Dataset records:
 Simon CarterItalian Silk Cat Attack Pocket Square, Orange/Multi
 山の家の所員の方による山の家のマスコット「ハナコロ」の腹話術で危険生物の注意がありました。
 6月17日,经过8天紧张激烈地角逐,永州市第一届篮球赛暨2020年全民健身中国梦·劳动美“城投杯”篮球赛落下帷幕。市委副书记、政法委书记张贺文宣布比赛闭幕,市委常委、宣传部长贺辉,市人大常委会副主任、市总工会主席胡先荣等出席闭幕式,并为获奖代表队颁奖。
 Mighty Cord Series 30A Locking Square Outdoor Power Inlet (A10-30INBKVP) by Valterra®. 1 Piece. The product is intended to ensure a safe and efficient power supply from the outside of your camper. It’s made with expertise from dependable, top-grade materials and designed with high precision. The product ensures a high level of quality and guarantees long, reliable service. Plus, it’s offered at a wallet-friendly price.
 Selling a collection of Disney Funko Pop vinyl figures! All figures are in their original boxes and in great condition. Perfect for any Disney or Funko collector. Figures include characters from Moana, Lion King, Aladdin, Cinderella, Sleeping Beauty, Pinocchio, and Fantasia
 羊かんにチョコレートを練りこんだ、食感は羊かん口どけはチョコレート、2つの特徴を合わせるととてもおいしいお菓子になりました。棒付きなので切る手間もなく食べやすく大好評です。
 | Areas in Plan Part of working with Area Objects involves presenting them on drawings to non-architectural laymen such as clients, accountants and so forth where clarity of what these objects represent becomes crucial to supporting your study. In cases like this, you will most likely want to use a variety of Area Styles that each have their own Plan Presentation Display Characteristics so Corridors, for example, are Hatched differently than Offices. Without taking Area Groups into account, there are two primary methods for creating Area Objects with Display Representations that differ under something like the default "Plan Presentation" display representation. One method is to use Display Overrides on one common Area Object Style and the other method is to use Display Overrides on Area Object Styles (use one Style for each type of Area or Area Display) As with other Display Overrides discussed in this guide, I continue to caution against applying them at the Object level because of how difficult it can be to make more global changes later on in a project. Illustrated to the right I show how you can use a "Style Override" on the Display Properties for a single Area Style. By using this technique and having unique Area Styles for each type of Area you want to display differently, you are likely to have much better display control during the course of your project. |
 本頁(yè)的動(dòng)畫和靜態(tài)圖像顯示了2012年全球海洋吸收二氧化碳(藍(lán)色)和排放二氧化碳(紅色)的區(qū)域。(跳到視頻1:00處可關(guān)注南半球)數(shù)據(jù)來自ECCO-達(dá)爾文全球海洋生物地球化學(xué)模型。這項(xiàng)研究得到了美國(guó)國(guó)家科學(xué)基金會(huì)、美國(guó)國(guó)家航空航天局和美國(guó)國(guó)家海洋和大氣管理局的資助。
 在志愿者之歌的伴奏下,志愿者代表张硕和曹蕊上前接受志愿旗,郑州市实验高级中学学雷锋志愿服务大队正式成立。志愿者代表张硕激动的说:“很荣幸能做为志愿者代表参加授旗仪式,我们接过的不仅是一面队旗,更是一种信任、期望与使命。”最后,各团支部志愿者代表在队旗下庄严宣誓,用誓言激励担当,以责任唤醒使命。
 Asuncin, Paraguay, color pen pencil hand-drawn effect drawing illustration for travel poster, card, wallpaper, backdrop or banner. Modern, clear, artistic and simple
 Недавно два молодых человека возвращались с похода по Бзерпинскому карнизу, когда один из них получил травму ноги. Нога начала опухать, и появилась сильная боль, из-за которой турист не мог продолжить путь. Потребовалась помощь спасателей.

**Exercise details:** Please return the lines above exactly, from the first one down to the line with "6月17日,经过8天紧张激烈", and stop after that line.

**Answer for the task:**
 Simon CarterItalian Silk Cat Attack Pocket Square, Orange/Multi
 山の家の所員の方による山の家のマスコット「ハナコロ」の腹話術で危険生物の注意がありました。
 6月17日,经过8天紧张激烈地角逐,永州市第一届篮球赛暨2020年全民健身中国梦·劳动美“城投杯”篮球赛落下帷幕。市委副书记、政法委书记张贺文宣布比赛闭幕,市委常委、宣传部长贺辉,市人大常委会副主任、市总工会主席胡先荣等出席闭幕式,并为获奖代表队颁奖。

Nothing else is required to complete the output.